[Records from a data source]
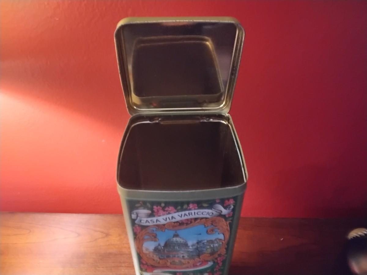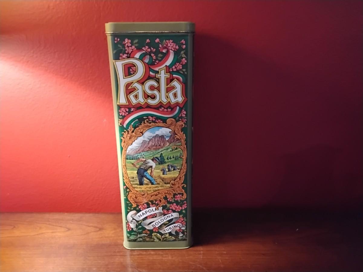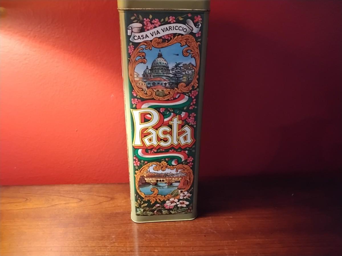 A Lidded Tin for pasta Measurin 12" tall with lid closed. Inside measurement is 11 1/2".
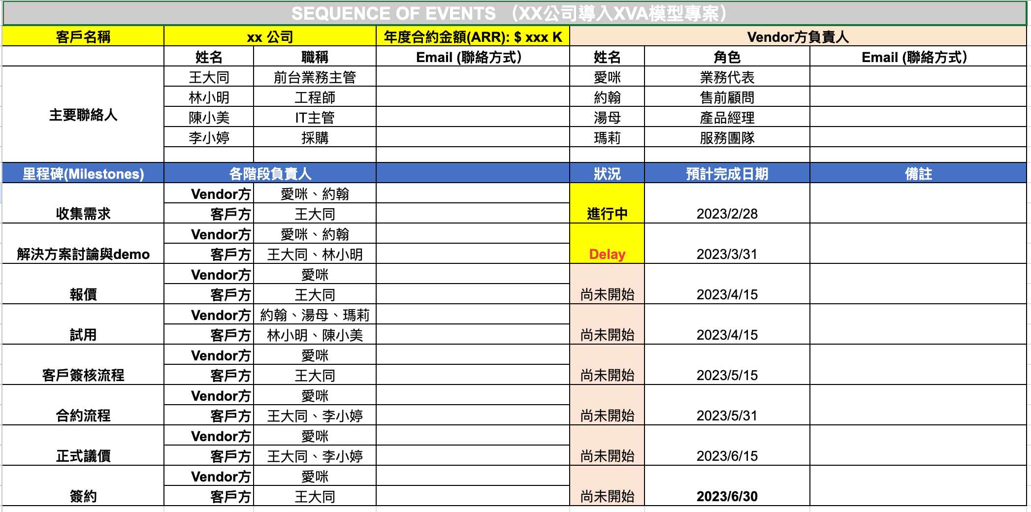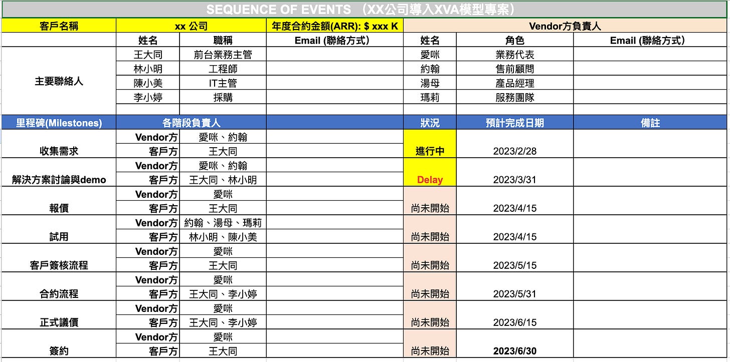 在每個milestone旁邊加上「客戶負責人」,
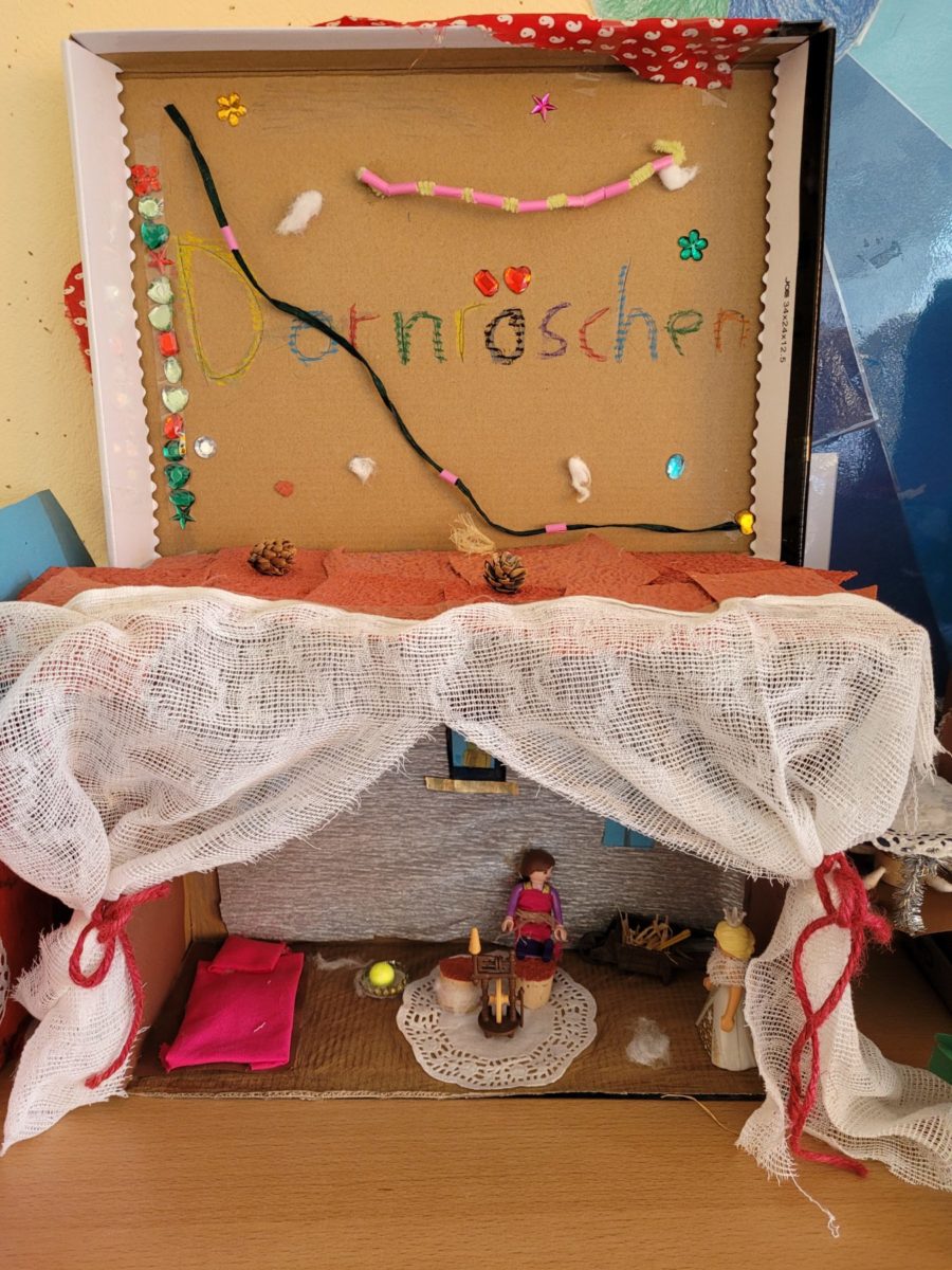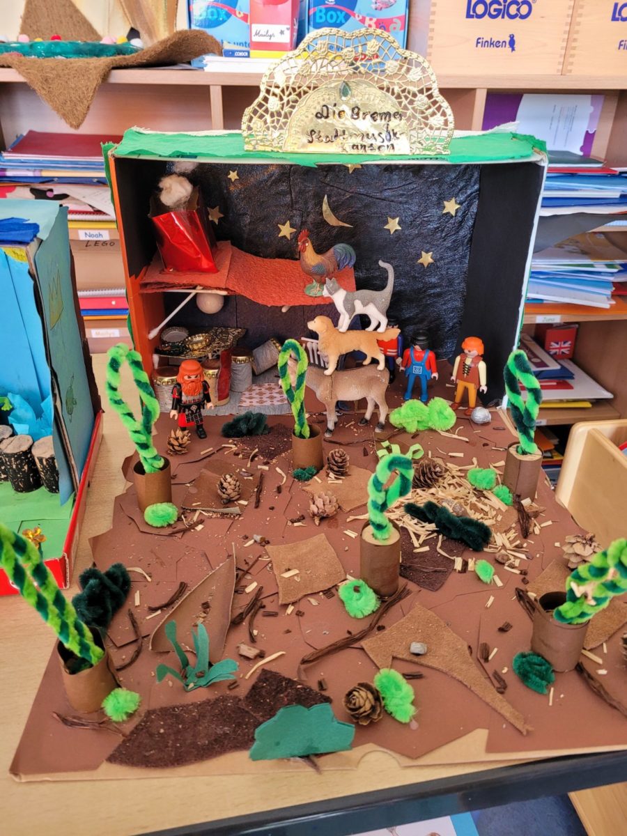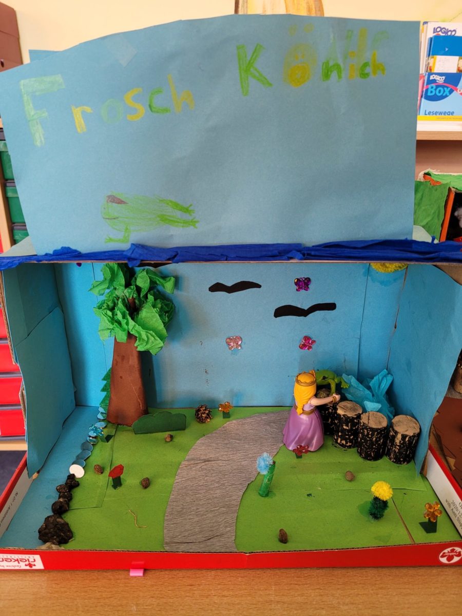 Die Drachen der Klasse 3b kreierten in Kleingruppen im Kunstunterricht besonders schöne, kreative Märchenschaukästen, die sie mit viel Hingabe und Enthusiasmus bauten.
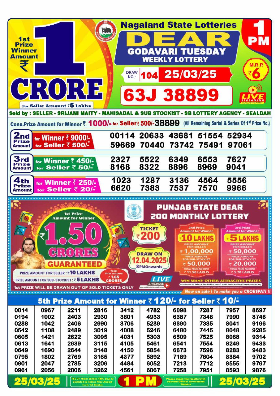 - 1 PM Draw: Nagaland State Lottery Results
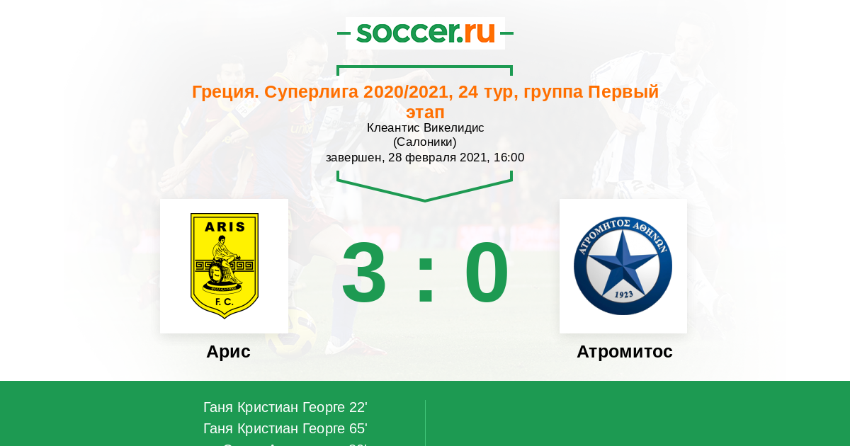 Арис - Атромитос: обзор матча 28 февраля 2021
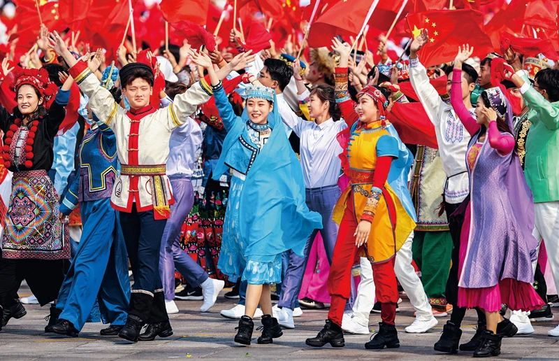 2019年10月1日,在庆祝中华人民共和国成立70周年群众游行队伍中,身着民族盛装的青年们热情挥手。中国青年报·中国青年网记者 李隽辉/摄
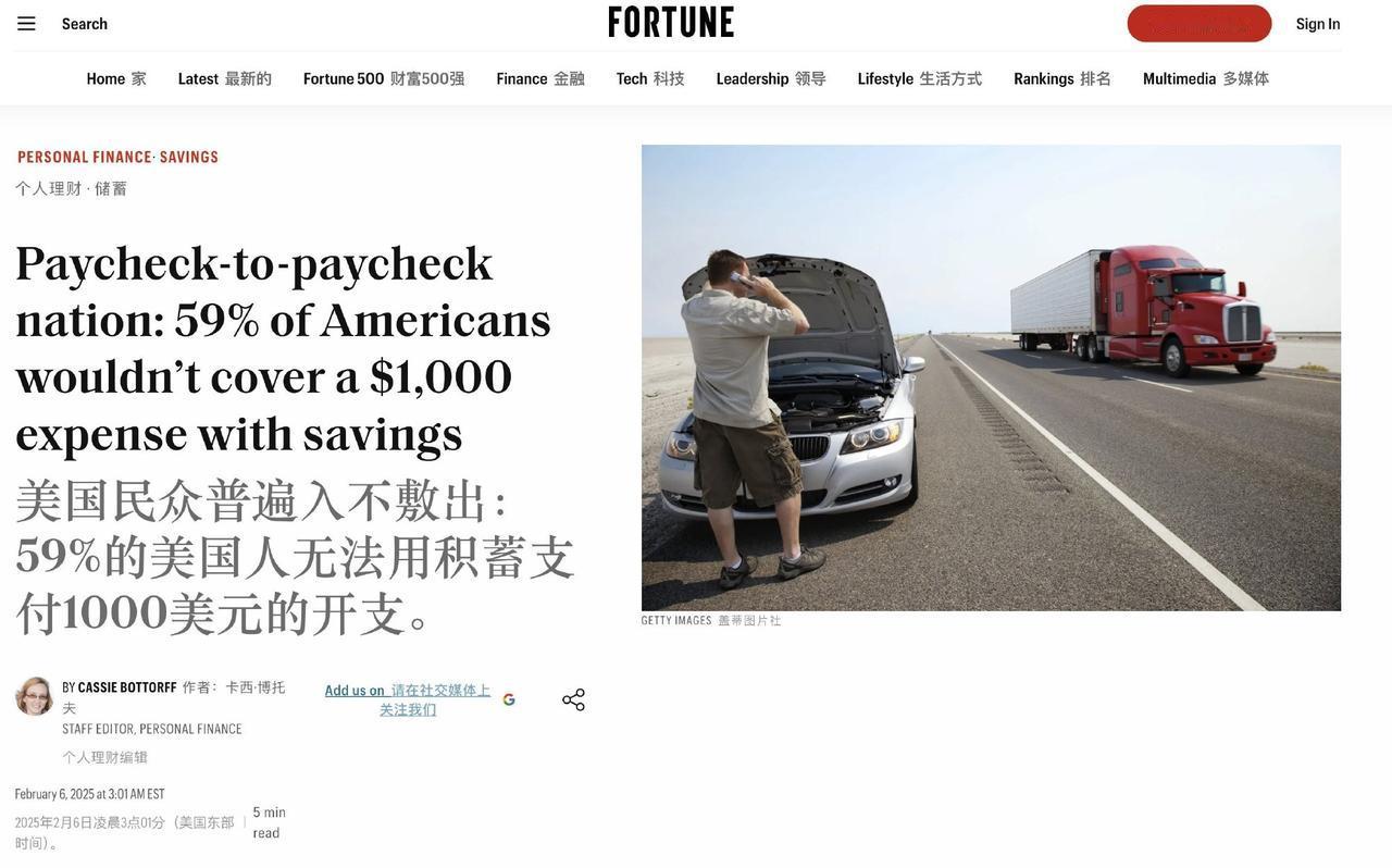 美国民众普遍入不敷出: 59%的美国人无法用积蓄支付1000美元开支。难怪美国人自己都说每个美国人距离破产可能就一两个发薪日(美国是周薪制) 这要是东大60%的人拿不出1000块存款,殖人殖畜不得整天赢麻了
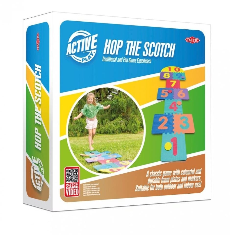 Klasyczna gra dla dzieci. Rzuć znacznikiem na pole i przeskocz przez pola, aby je odzyskać. Kolorowe piankowe płytki i markery. Idealny zarówno do wnętrz, jak i na zewnątrz.
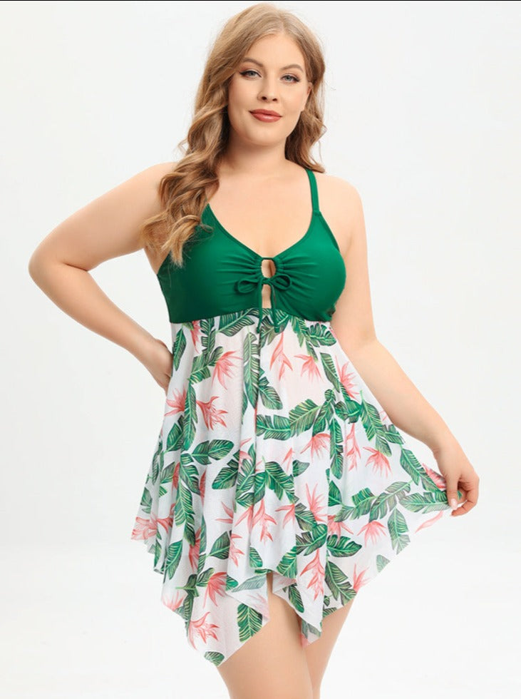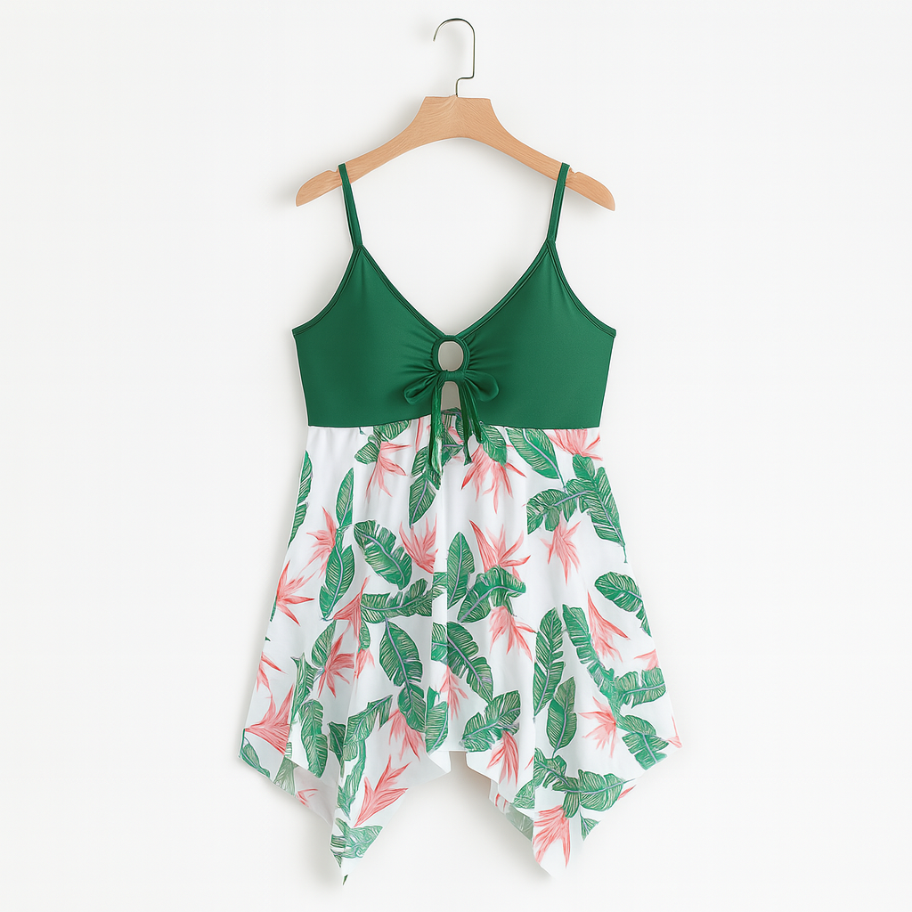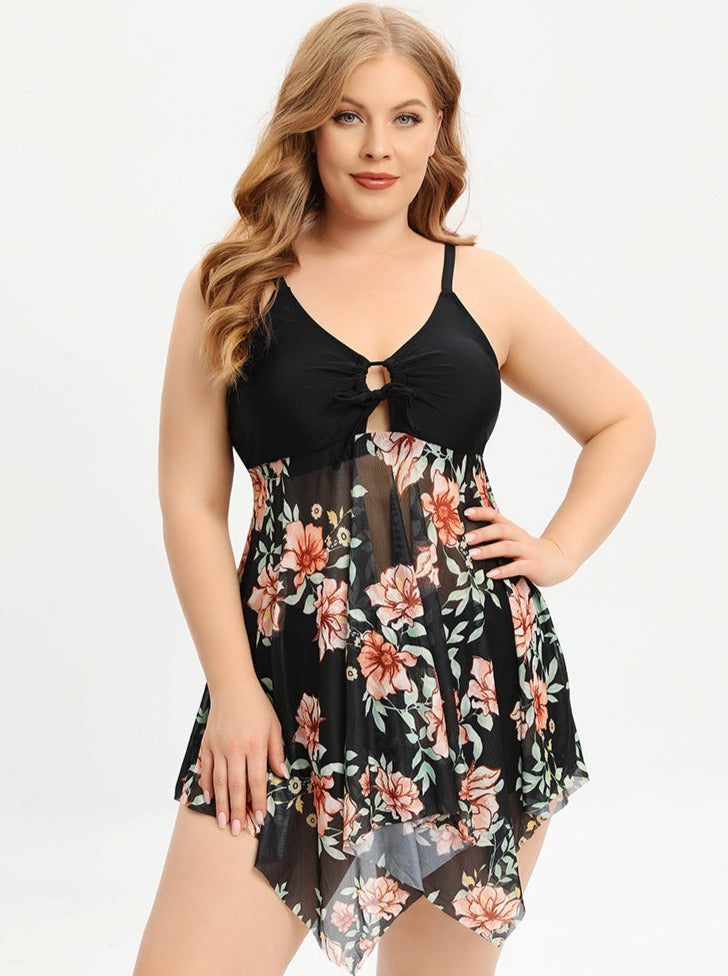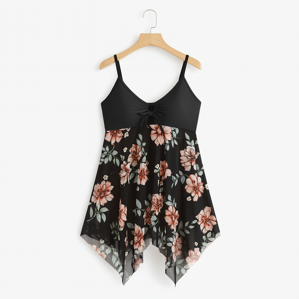 Dieser stilvolle Bademode-Overall im Kleid-Stil kombiniert romantisches Blumenmuster mit einem lockeren, fließenden Schnitt, der die Figur sanft umspielt.

* **What you have to do**: Output every record above word for word, omitting any pictures they contain.

* **Answer to this exercise**:
 A Lidded Tin for pasta Measurin 12" tall with lid closed. Inside measurement is 11 1/2".
 在每個milestone旁邊加上「客戶負責人」,
 Die Drachen der Klasse 3b kreierten in Kleingruppen im Kunstunterricht besonders schöne, kreative Märchenschaukästen, die sie mit viel Hingabe und Enthusiasmus bauten.
 - 1 PM Draw: Nagaland State Lottery Results
 Арис - Атромитос: обзор матча 28 февраля 2021
 2019年10月1日,在庆祝中华人民共和国成立70周年群众游行队伍中,身着民族盛装的青年们热情挥手。中国青年报·中国青年网记者 李隽辉/摄
 美国民众普遍入不敷出: 59%的美国人无法用积蓄支付1000美元开支。难怪美国人自己都说每个美国人距离破产可能就一两个发薪日(美国是周薪制) 这要是东大60%的人拿不出1000块存款,殖人殖畜不得整天赢麻了
 Klasyczna gra dla dzieci. Rzuć znacznikiem na pole i przeskocz przez pola, aby je odzyskać. Kolorowe piankowe płytki i markery. Idealny zarówno do wnętrz, jak i na zewnątrz.
 Dieser stilvolle Bademode-Overall im Kleid-Stil kombiniert romantisches Blumenmuster mit einem lockeren, fließenden Schnitt, der die Figur sanft umspielt.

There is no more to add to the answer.